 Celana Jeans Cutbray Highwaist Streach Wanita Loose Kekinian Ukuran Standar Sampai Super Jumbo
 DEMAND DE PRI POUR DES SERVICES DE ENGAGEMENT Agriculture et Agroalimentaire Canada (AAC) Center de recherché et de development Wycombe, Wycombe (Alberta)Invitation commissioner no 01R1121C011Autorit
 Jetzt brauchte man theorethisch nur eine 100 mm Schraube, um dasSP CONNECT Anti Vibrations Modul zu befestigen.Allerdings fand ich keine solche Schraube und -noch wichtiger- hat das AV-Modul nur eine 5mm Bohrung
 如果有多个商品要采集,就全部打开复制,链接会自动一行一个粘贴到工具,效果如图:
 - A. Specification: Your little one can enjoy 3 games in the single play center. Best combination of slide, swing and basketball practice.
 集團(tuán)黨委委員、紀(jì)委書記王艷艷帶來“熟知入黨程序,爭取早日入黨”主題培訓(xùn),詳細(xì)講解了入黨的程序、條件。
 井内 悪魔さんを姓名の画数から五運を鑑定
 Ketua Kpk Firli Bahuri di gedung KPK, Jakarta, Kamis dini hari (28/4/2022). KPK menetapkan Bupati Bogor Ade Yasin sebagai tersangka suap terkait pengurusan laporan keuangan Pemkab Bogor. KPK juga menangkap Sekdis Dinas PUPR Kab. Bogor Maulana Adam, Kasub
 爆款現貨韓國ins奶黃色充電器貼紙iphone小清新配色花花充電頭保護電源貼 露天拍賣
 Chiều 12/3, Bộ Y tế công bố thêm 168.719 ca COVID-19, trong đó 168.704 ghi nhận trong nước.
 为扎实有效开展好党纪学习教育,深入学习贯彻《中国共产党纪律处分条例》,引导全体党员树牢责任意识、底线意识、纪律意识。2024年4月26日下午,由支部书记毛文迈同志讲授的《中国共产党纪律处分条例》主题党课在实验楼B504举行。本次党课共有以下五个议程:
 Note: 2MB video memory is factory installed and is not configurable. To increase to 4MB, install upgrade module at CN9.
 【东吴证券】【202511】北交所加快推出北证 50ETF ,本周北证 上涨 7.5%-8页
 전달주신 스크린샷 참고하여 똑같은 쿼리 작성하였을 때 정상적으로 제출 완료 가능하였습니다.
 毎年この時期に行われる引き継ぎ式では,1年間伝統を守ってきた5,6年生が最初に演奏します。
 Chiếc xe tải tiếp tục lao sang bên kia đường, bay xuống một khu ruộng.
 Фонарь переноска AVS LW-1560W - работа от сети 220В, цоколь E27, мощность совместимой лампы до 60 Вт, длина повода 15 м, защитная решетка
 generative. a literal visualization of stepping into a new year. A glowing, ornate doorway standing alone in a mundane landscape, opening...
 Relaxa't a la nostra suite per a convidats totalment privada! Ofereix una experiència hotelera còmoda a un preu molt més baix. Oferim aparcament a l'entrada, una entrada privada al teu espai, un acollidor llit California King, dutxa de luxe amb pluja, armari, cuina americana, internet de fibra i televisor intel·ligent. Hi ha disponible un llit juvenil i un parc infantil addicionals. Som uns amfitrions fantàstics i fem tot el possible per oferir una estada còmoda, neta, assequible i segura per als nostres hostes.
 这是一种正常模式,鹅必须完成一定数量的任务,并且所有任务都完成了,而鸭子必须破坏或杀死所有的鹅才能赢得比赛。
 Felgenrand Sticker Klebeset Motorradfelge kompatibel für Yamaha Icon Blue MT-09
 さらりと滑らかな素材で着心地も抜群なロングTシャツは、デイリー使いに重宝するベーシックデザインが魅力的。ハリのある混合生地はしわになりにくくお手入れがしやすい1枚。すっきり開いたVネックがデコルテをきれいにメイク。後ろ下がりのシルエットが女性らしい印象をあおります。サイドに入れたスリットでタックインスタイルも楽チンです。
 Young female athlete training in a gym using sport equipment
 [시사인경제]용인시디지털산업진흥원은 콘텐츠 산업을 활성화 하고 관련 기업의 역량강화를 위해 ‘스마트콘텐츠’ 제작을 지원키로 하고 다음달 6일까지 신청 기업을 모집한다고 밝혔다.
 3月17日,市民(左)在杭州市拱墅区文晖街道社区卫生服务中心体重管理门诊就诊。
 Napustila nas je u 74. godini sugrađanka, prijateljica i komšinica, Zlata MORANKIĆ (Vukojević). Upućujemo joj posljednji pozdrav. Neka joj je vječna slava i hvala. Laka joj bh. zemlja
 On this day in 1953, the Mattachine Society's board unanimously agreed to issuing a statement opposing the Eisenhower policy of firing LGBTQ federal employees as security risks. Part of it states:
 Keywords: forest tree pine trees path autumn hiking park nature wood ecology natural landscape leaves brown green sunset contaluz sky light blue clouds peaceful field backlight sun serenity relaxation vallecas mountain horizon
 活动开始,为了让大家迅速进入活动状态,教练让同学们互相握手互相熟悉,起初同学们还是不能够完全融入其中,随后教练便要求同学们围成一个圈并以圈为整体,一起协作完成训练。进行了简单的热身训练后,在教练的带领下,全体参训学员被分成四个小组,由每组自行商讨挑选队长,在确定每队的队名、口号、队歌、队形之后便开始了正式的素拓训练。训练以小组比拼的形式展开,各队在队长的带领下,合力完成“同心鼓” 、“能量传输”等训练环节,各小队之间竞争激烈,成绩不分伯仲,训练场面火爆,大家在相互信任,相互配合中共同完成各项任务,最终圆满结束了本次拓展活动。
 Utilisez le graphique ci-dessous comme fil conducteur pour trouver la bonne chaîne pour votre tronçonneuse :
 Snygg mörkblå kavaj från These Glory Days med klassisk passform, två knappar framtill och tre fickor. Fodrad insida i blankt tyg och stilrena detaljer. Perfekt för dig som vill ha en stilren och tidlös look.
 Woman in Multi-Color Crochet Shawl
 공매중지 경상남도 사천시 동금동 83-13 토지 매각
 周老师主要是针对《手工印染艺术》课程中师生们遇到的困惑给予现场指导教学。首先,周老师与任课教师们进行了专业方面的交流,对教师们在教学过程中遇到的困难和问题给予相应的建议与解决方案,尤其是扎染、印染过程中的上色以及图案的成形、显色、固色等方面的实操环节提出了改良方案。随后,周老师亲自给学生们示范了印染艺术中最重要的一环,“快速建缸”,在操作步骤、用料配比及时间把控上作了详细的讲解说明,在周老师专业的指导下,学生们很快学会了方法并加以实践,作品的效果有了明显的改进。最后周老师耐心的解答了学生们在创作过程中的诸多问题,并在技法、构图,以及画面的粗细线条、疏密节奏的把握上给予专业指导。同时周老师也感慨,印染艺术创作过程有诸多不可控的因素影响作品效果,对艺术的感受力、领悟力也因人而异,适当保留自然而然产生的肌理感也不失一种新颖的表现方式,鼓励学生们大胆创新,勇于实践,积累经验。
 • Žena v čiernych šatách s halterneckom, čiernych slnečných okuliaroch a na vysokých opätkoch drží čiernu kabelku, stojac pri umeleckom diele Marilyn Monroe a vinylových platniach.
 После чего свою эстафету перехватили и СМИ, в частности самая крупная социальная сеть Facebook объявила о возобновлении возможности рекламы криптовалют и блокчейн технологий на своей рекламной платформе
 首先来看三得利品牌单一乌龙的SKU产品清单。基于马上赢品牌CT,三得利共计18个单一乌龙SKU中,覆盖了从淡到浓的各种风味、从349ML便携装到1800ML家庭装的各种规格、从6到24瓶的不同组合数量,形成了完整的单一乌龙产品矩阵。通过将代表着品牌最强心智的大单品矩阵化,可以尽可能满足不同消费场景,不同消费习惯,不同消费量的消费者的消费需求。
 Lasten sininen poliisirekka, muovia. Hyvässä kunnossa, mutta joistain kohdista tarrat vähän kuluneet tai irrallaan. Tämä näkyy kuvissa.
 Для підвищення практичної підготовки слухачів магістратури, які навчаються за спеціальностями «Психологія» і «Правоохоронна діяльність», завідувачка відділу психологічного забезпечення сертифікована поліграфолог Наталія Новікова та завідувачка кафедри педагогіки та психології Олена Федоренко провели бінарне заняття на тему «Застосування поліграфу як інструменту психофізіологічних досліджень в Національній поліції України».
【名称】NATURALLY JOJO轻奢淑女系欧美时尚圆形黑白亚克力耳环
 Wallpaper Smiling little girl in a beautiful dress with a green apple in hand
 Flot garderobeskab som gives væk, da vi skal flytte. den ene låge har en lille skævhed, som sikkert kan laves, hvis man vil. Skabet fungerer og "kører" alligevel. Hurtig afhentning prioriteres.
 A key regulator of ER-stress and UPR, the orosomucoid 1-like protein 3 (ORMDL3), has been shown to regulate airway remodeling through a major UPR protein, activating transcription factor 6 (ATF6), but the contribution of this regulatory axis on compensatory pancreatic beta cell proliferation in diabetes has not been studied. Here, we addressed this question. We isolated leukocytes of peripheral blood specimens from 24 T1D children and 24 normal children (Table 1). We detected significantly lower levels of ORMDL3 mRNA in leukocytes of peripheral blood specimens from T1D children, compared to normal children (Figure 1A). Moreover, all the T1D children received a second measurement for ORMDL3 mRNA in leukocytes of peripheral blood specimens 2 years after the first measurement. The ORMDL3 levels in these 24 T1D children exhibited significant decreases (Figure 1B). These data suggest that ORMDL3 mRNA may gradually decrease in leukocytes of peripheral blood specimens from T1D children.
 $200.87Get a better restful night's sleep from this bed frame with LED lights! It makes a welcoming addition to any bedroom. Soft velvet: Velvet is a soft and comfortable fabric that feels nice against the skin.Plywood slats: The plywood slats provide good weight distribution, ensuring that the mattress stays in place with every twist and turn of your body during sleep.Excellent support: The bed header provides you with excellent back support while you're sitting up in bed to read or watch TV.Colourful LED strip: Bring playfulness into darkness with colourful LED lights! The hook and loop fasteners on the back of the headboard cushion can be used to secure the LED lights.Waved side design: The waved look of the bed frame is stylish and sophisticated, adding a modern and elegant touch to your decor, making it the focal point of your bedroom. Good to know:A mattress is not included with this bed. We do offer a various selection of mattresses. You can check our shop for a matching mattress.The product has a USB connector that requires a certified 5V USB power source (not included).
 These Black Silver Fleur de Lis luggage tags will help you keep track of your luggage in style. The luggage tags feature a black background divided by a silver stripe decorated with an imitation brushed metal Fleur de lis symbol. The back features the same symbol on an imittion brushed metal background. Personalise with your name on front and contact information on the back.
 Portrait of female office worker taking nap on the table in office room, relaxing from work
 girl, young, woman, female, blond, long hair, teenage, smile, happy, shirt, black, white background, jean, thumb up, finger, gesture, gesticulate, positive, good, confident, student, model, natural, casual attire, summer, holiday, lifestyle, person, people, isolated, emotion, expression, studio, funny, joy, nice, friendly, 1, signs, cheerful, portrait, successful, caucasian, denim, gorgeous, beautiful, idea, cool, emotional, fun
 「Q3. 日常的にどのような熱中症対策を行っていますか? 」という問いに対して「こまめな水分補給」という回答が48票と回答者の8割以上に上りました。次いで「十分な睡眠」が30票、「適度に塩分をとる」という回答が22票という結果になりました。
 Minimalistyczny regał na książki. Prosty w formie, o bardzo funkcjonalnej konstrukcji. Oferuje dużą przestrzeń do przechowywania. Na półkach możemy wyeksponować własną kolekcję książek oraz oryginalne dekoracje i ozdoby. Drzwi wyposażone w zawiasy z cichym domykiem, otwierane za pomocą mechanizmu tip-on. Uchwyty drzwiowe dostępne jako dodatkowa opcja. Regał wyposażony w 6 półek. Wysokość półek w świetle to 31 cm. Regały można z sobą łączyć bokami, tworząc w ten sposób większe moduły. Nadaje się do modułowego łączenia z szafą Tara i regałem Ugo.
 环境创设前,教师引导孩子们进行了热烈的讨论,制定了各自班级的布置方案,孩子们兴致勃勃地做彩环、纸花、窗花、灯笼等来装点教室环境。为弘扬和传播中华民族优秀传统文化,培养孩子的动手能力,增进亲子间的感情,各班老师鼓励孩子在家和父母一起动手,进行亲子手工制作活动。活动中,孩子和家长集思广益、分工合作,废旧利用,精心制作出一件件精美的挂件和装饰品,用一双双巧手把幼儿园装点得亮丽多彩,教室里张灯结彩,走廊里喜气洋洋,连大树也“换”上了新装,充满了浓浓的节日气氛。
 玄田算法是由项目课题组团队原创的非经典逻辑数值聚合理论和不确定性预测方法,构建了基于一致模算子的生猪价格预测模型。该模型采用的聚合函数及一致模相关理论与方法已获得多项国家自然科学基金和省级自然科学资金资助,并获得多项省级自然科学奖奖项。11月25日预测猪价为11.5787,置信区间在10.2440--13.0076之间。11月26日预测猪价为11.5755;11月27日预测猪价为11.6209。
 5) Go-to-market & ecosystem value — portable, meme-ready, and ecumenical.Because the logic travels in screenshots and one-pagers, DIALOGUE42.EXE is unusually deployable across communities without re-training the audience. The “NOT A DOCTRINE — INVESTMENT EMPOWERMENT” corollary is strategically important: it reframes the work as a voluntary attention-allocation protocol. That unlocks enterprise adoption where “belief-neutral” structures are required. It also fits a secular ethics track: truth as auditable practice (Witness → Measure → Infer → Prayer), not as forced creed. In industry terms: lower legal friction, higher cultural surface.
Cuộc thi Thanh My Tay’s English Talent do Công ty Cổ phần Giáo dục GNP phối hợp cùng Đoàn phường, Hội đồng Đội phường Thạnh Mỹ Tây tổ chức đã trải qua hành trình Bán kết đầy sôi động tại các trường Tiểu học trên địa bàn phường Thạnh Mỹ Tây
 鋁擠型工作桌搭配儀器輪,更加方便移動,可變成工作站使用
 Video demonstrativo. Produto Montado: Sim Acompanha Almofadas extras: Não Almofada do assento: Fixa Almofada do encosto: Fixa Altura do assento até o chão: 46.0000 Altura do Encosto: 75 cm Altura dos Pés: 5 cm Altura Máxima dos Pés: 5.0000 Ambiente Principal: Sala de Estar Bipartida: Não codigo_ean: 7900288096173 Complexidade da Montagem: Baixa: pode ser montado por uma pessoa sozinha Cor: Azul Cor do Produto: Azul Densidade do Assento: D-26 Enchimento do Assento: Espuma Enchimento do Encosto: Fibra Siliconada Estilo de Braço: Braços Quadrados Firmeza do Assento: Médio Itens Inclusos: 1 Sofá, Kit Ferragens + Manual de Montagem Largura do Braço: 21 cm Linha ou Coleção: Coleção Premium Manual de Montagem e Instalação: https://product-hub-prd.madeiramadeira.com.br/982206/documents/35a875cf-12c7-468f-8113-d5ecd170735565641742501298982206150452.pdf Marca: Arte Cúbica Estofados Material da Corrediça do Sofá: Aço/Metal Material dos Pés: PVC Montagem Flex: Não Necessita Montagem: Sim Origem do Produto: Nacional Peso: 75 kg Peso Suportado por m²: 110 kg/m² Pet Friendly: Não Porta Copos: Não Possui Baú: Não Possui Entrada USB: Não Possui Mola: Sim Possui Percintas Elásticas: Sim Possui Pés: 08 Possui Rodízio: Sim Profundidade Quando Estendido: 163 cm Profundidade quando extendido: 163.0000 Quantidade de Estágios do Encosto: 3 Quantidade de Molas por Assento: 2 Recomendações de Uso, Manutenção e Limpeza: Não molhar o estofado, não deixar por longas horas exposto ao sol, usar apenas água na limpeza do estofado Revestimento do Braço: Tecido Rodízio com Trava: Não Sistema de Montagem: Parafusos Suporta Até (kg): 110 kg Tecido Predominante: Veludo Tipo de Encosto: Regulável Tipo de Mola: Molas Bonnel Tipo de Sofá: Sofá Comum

--- EXERCISE DESCRIPTION ---
Lines with the word "background" in them are the answer; report each one from the data.

--- PROBLEM SOLUTION ---
 These Black Silver Fleur de Lis luggage tags will help you keep track of your luggage in style. The luggage tags feature a black background divided by a silver stripe decorated with an imitation brushed metal Fleur de lis symbol. The back features the same symbol on an imittion brushed metal background. Personalise with your name on front and contact information on the back.
 girl, young, woman, female, blond, long hair, teenage, smile, happy, shirt, black, white background, jean, thumb up, finger, gesture, gesticulate, positive, good, confident, student, model, natural, casual attire, summer, holiday, lifestyle, person, people, isolated, emotion, expression, studio, funny, joy, nice, friendly, 1, signs, cheerful, portrait, successful, caucasian, denim, gorgeous, beautiful, idea, cool, emotional, fun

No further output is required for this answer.